Creo que ha llegado el momento, ahora se ha colocado detrás de mi cabeza sujetando con una mano un bisturí. Una certera incisión ha separado mi piel de mi cerebro. Ahora agarra una sierra circular. Espero que tenga cuidado y no destroce la bala. Me gustaría guardármela de recuerdo. Está cortando el cráneo, empezando por la parte frontal y continuando hacia la derecha, detrás, izquierda hasta completar el círculo. Ya tiene campo libre para extraer mi cerebro. Interesante órgano. ¿En qué parte estará arrojada mi amiga?
Incisión en mi cerebro, extracción de la bala. Asunto resuelto. Ya puedes dejar mi cuerpo en paz. Nada más hay que ver.
La bala es depositada en un sobre y este dejado sobre una cubeta. Adiós, mi amiga viajará de mano en mano, lista para ayudar a encontrar a mi asesino. Lo que soy yo, poco viajaré ya.
Desconozco el tiempo transcurrido. Para mí, ese concepto ya no existe. Calienta el sol mientras los operarios levantan mi ataúd hasta el cuarto piso. Pocas personas han acudido a mi entierro. No se lo tengo en cuenta. Yo hubiese hecho lo mismo.

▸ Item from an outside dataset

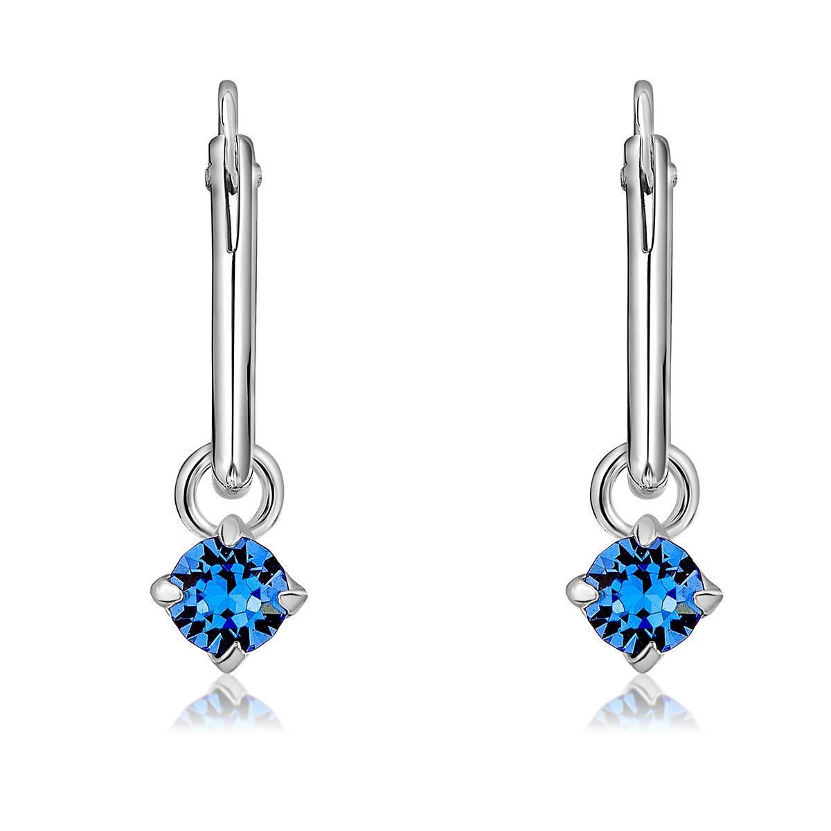 DTPsilver® 925 Sterling Silver SMALL Hoops Earrings & Round Dangling 3 mm Glittering Crystals from Swarovski® Elements - Thickness 1.5 mm - Diameter: 14 mm Blue Sapphire

Pero mi madre y mi hermana si están presentes. ¿Cómo podrían haber faltado? Ahora vivirán tranquilas. Me gustaría decírselo. Que no sufran por mí, nunca merecí sus lágrimas y ahora menos que nunca.
Lo que no sé es quien es esa mujer que desde la distancia observa mi entierro. No está visitando otra tumba pues su atención no se aparta de la escena en la que soy el protagonista. Ahora, se está acercando levemente. ¿Qué es ese aroma? ¿A qué huele? Rosas y malvavisco. El mismo olor que percibí en aquel callejón. ¿Cómo no lo he recordado antes? ¿Quién es ella? Sus ojos están empañados en lágrimas, sus manos cogen los de mi madre y ella la mira a los ojos, sin apartar la mirada, sin preguntas. Se conocen, pero yo no sé quién es. ¿Quién puede consolar a mi familia?
Los técnicos han colocado ya mi ataúd, solamente les queda sellar mi tumba con cemento.
Me cuesta pensar, mis pensamientos son más lentos de lo habitual, me siento desfallecer. Pronto desapareceré, con la última luz que penetre en mi tumba. Y ahora ese aroma a rosas y malvavisco vuelve a golpearme. Ella mira hacia delante, nuestras miradas se han cruzado; pero ella no puede verme ya mientras que yo veo a la persona que me mató. La última mirada antes de desvanecerme por siempre jamás.